EXERCISE DETAILS :: The material below holds pictures; leave them out, and copy exactly, and only, the lines from the one with "Hechas con pan" through the last.

***** EXERCISE INPUTS *****

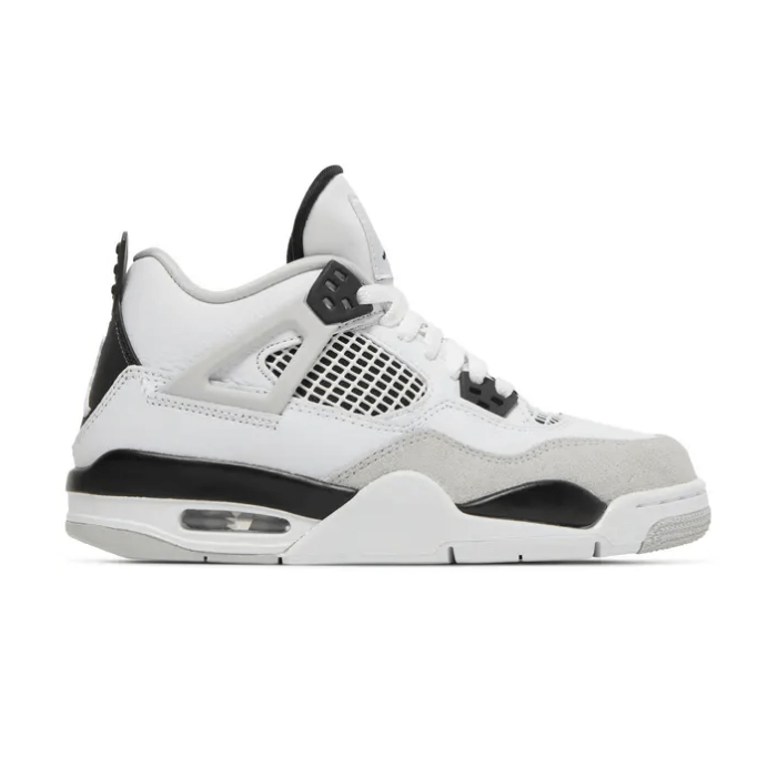 Classic meets contemporary with the Air Jordan 4 Retro Military Black, a fresh twist on an iconic silhouette. Drawing inspiration from the OG “Military Blue” colorway, this pair swaps blue for sleek black, creating a clean and versatile design. The upper features premium white leather with soft grey suede overlays, contrasted by bold black accents on the eyelets, wings, heel tab, and midsole. With signature mesh paneling, visible Air cushioning, and a supportive mid-top structure, this sneaker balances timeless Jordan heritage with everyday wearability. Whether you’re a collector or rocking them daily, the Military Black is a must-have that pairs effortlessly with any fit.
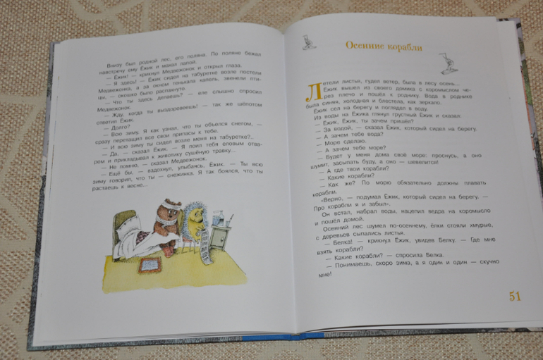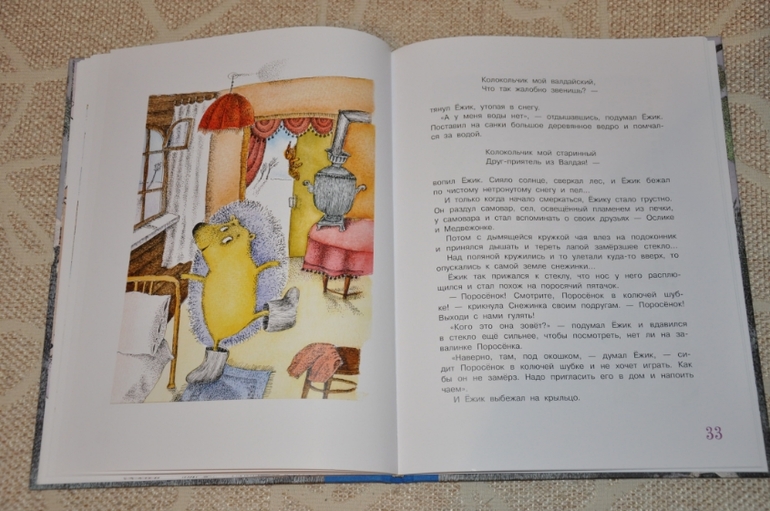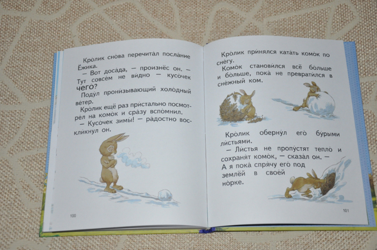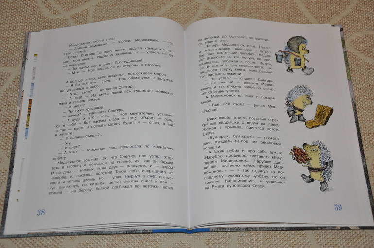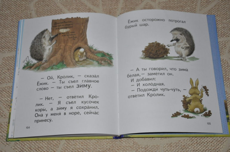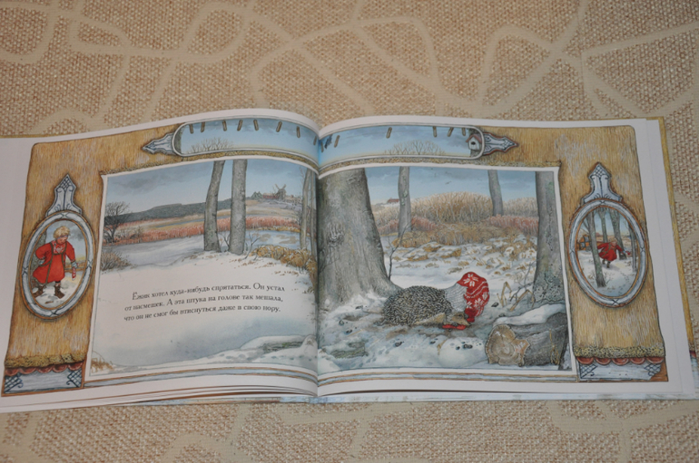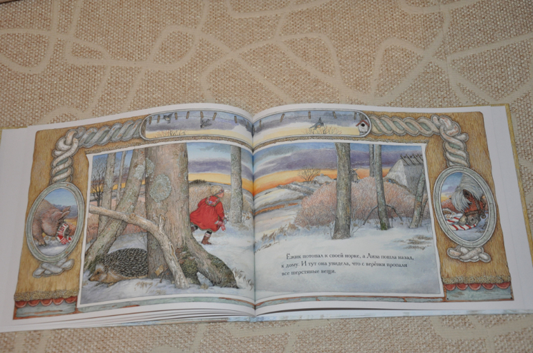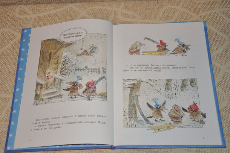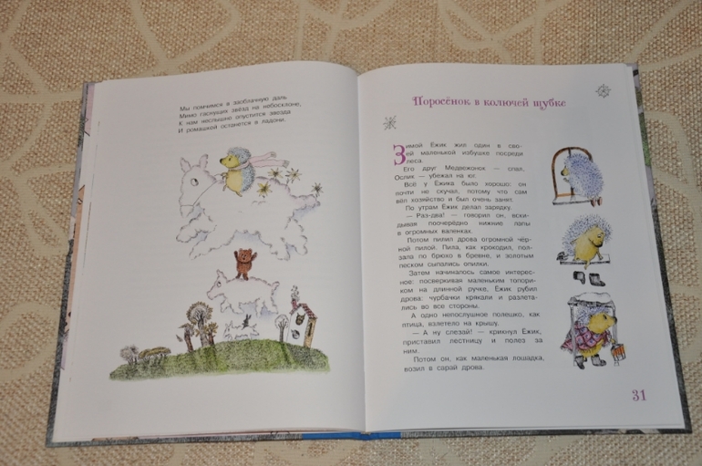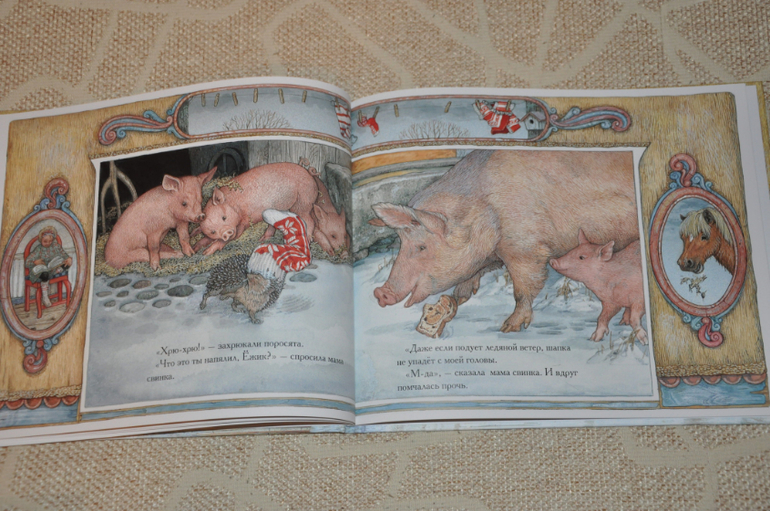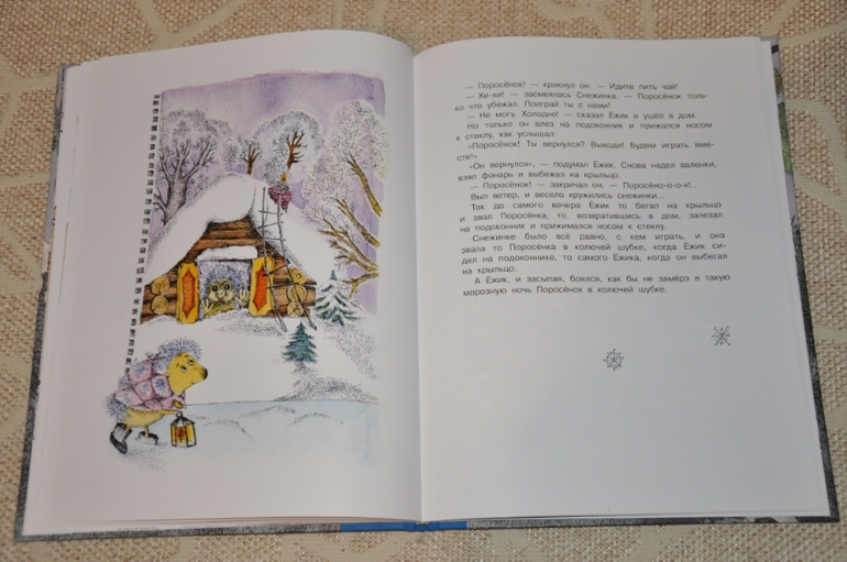 Целиком мы пока осиливаем только короткий рассказ "Поросёнок в колючей шубке". Он, кстати, тоже зимний)) Вот развороты:
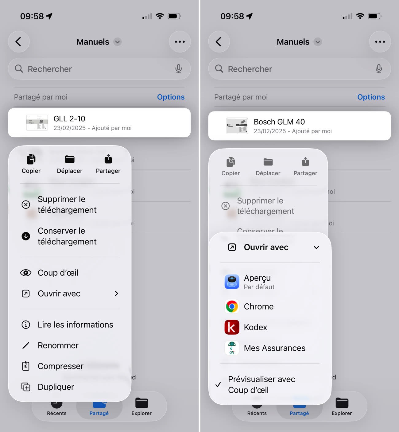 Fort heureusement, Apple a prévu une solution si vous préfériez Coup d’œil. Si vous avez un iPad avec un clavier, vous pouvez naturellement utiliser le raccourci dédié à la fonction, à savoir la barre espace. Même sans cela, Fichiers sous iOS 26 propose de choisir une app par défaut. Pour cela, trouvez un fichier dans le format de votre choix, un PDF par exemple. Affichez son menu contextuel avec un tap prolongé sur l’écran ou bien un clic secondaire avec un trackpad ou une souris et dans le menu « Ouvrir avec », cochez l’option « Prévisualiser avec Coup d’œil ».
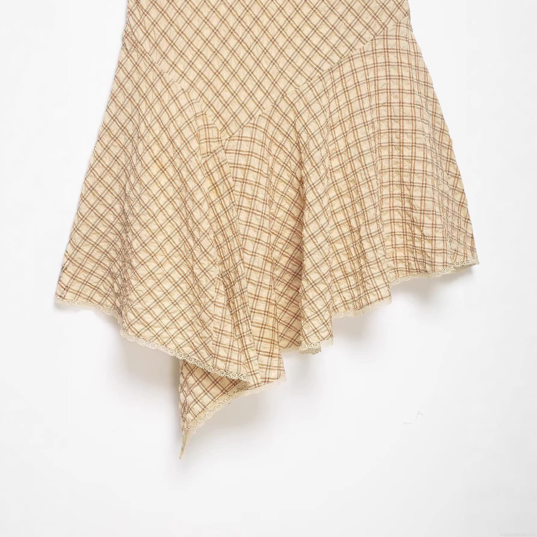 Checkered Pattern, Ruffles, Gathering, Lace Patchwork, Asymmetrical Skirt
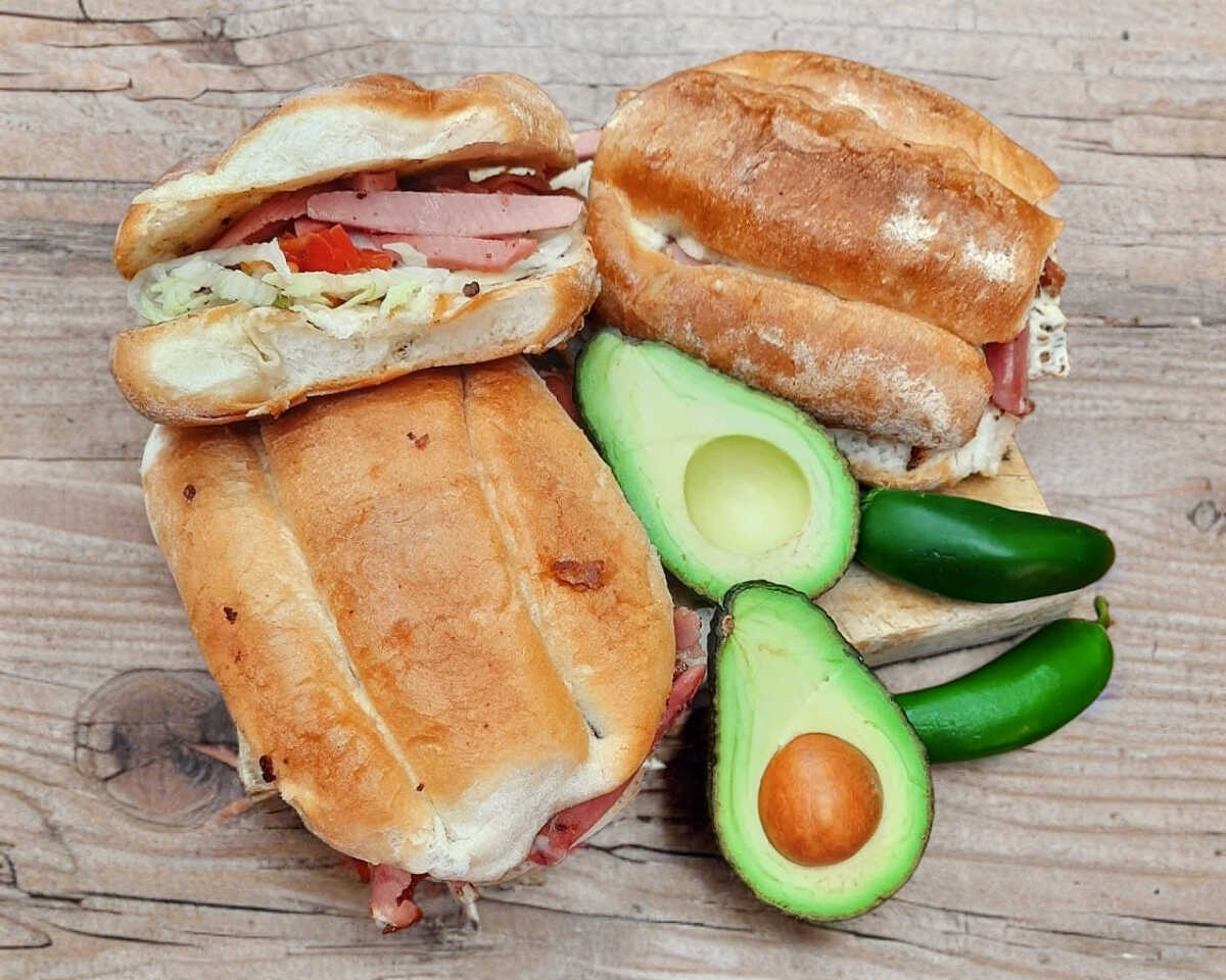 Hechas con pan de leña, aderezo, verduras frescas, salsa picante, crema y mezcla de proteínas; milanesa, jamón, salchicha y queso.
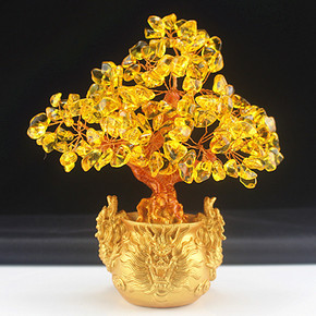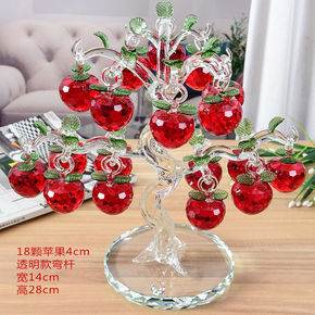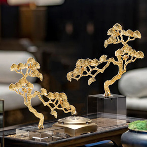 现代轻奢办公室摆件家居饰品新中式客厅酒柜迎客松水晶...
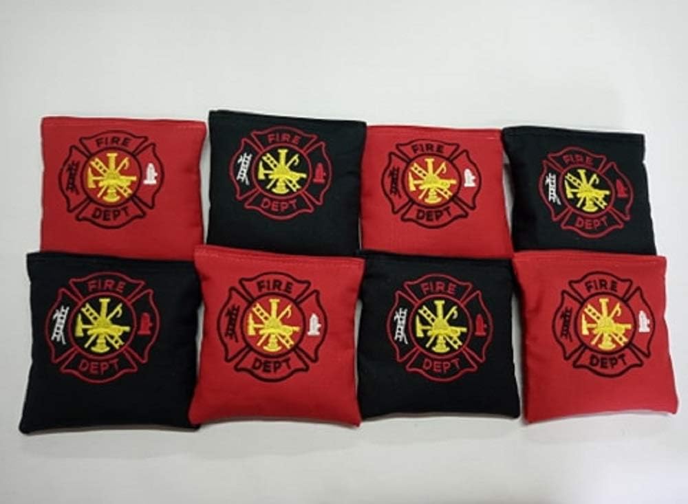 This is for 4 red and 4 black regulation made cornhole bags. Doubled stitched and filled with whole corn or plastic resin.
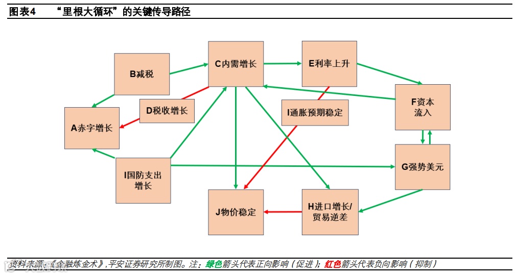 对于特朗普2.0,平安证券认为“特朗普大循环”可能更加不稳定,减税政策的收益可能更不明显,如果减税政策引发税收明显下降,自然增大赤字扩张压力,最终可能限制政府支出能力,削弱赤字扩张与经济增长之间的循环。

*****

EXERCISE OUTPUT ::
 Hechas con pan de leña, aderezo, verduras frescas, salsa picante, crema y mezcla de proteínas; milanesa, jamón, salchicha y queso.
 现代轻奢办公室摆件家居饰品新中式客厅酒柜迎客松水晶...
 This is for 4 red and 4 black regulation made cornhole bags. Doubled stitched and filled with whole corn or plastic resin.
 对于特朗普2.0,平安证券认为“特朗普大循环”可能更加不稳定,减税政策的收益可能更不明显,如果减税政策引发税收明显下降,自然增大赤字扩张压力,最终可能限制政府支出能力,削弱赤字扩张与经济增长之间的循环。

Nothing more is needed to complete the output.